Task prompt
Every line of the data should be written out exactly, with the pictures left out.

Material shown
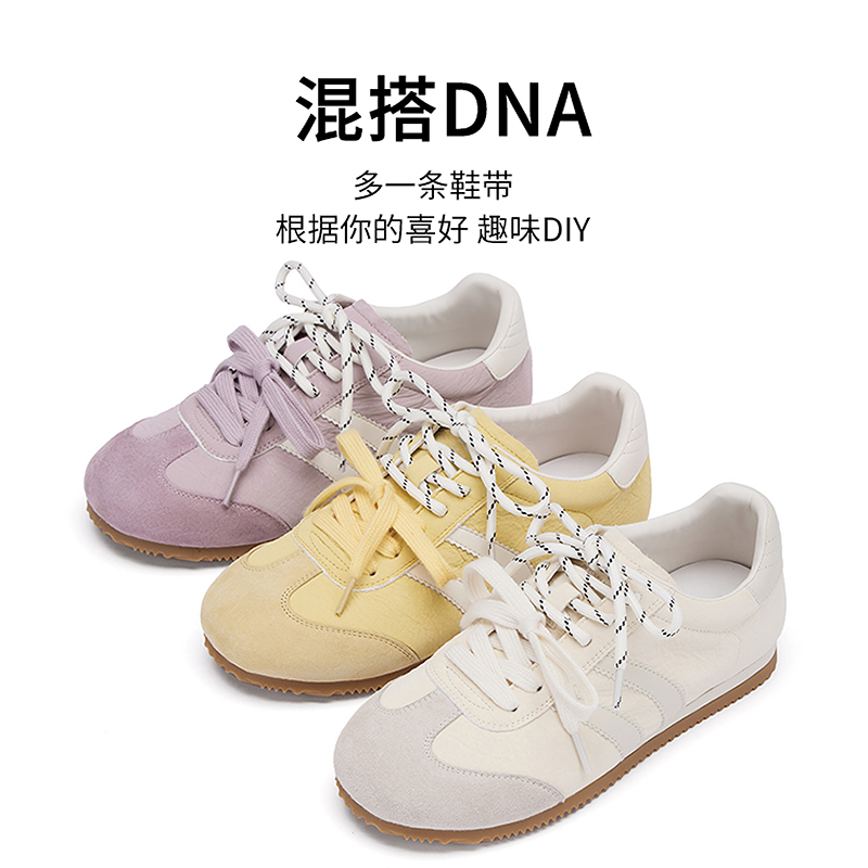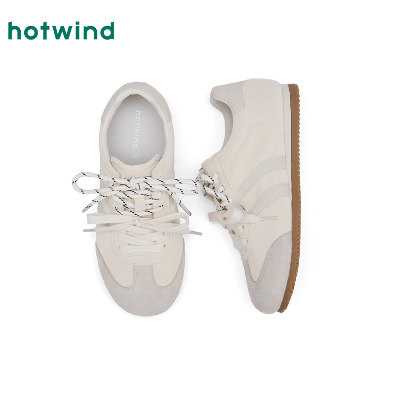 女款 子轻便通勤女鞋 2025年秋季 米色百搭休闲鞋 新款 热风平底德训鞋
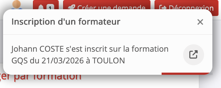 Ce sont des alertes visuelles qui apparaissent temporairement en haut à droite de votre écran pour vous informer d'un nouvel événement sans interrompre votre navigation (par exemple, "Nouvelle demande de DPS reçue"). En cliquant sur la croix pour fermer le ballon, la notification est automatiquement marquée comme lue. Si vous laissez le temps s'écouler et que la notification se ferme seule, elle sera considérée comme non lue.
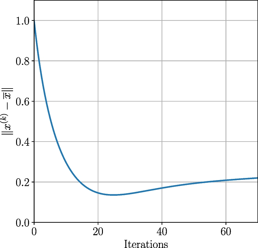 where the Frobenius norm of a matrix is given by \(\Vert A\Vert _F = \sqrt{\sum _{i=1}^{m} \Vert A^{(i)}\Vert ^{2}}\). This version of the algorithm is called the Randomized Kaczmarz (RK) method. Strohmer and Vershynin proved that RK has exponential error decay, also known as linear convergence.1 Let \(x_0\) be the initial guess, \(x^*\) be the solution of the system, \(\sigma _{\min }(A)\) be the smallest singular value of matrix A, and \(\kappa (A) = \Vert A\Vert _F \, \Vert A^{-1}\Vert = \Vert A\Vert _F / \sigma _{min}(A)\) be the scaled condition number of the system’s matrix. The expected convergence of the algorithm for a consistent system can then be written as
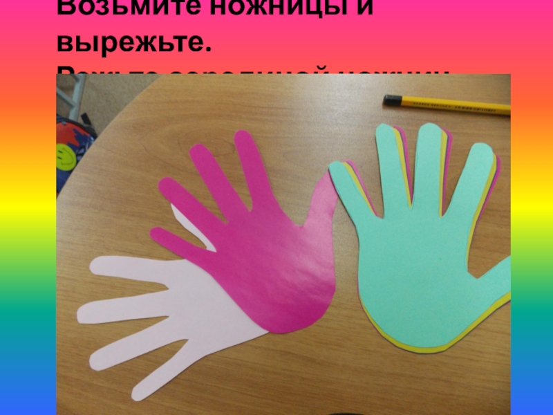 Слайд 10Возьмите ножницы и вырежьте. Режьте серединой ножниц.
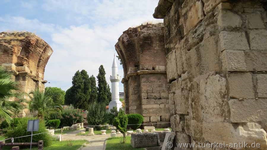 The Byzantine walls that once surrounded the city have disappeared except for a few crumbling remains on the northern outskirts. These wall fragments are, like three pillars of the St. John's Basilica built in the 6th century and some remaining remains of an ancient theatre, the only witnesses of this once rich and well-known city. |
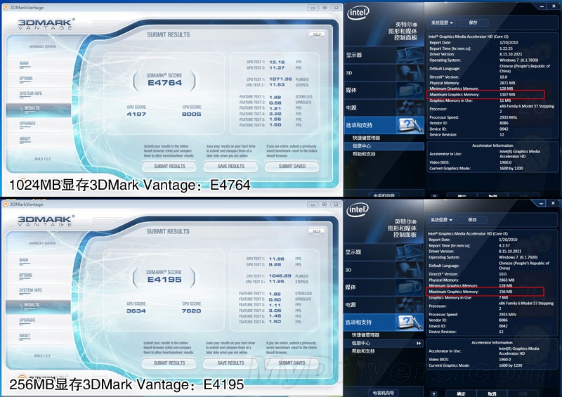 双敏UH55GT针对酷睿i3/i5/奔腾G内置GPU(显示核心)的特点,特别设计了动态显存技术,在使用过程中,根据当时的负载,自动分配所需的最大显存容量,双敏UH55GT最大可给酷睿i3内置GPU共享到1300MB显存,而一般的主板都只能在128MB或256MB显存,从3DMark Vantage成绩上明显体现出来,两者性能相差高达15%。
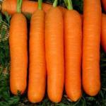 Великолепные корнеплоды для хранения. Высокоурожайный среднеспелый сорт. Сортотип Нантская. Период от всходов до уборки урожая 100-110 дней. Корнеплод цилиндрический, тупоконечный, с отличной внутренн... Показать описаниеей и наружной окраской. Длина 16-18 см. Масса 110-120 г. Сердцевина маленькая, оранжевого цвета. Мякоть нежная, сочная, великолепного вкуса. Рекомендуется для потребления в свежем виде, переработки и хранения.

Worked solution
 女款 子轻便通勤女鞋 2025年秋季 米色百搭休闲鞋 新款 热风平底德训鞋
 Ce sont des alertes visuelles qui apparaissent temporairement en haut à droite de votre écran pour vous informer d'un nouvel événement sans interrompre votre navigation (par exemple, "Nouvelle demande de DPS reçue"). En cliquant sur la croix pour fermer le ballon, la notification est automatiquement marquée comme lue. Si vous laissez le temps s'écouler et que la notification se ferme seule, elle sera considérée comme non lue.
 where the Frobenius norm of a matrix is given by \(\Vert A\Vert _F = \sqrt{\sum _{i=1}^{m} \Vert A^{(i)}\Vert ^{2}}\). This version of the algorithm is called the Randomized Kaczmarz (RK) method. Strohmer and Vershynin proved that RK has exponential error decay, also known as linear convergence.1 Let \(x_0\) be the initial guess, \(x^*\) be the solution of the system, \(\sigma _{\min }(A)\) be the smallest singular value of matrix A, and \(\kappa (A) = \Vert A\Vert _F \, \Vert A^{-1}\Vert = \Vert A\Vert _F / \sigma _{min}(A)\) be the scaled condition number of the system’s matrix. The expected convergence of the algorithm for a consistent system can then be written as
 Слайд 10Возьмите ножницы и вырежьте. Режьте серединой ножниц.
 The Byzantine walls that once surrounded the city have disappeared except for a few crumbling remains on the northern outskirts. These wall fragments are, like three pillars of the St. John's Basilica built in the 6th century and some remaining remains of an ancient theatre, the only witnesses of this once rich and well-known city. |
 双敏UH55GT针对酷睿i3/i5/奔腾G内置GPU(显示核心)的特点,特别设计了动态显存技术,在使用过程中,根据当时的负载,自动分配所需的最大显存容量,双敏UH55GT最大可给酷睿i3内置GPU共享到1300MB显存,而一般的主板都只能在128MB或256MB显存,从3DMark Vantage成绩上明显体现出来,两者性能相差高达15%。
 Великолепные корнеплоды для хранения. Высокоурожайный среднеспелый сорт. Сортотип Нантская. Период от всходов до уборки урожая 100-110 дней. Корнеплод цилиндрический, тупоконечный, с отличной внутренн... Показать описаниеей и наружной окраской. Длина 16-18 см. Масса 110-120 г. Сердцевина маленькая, оранжевого цвета. Мякоть нежная, сочная, великолепного вкуса. Рекомендуется для потребления в свежем виде, переработки и хранения.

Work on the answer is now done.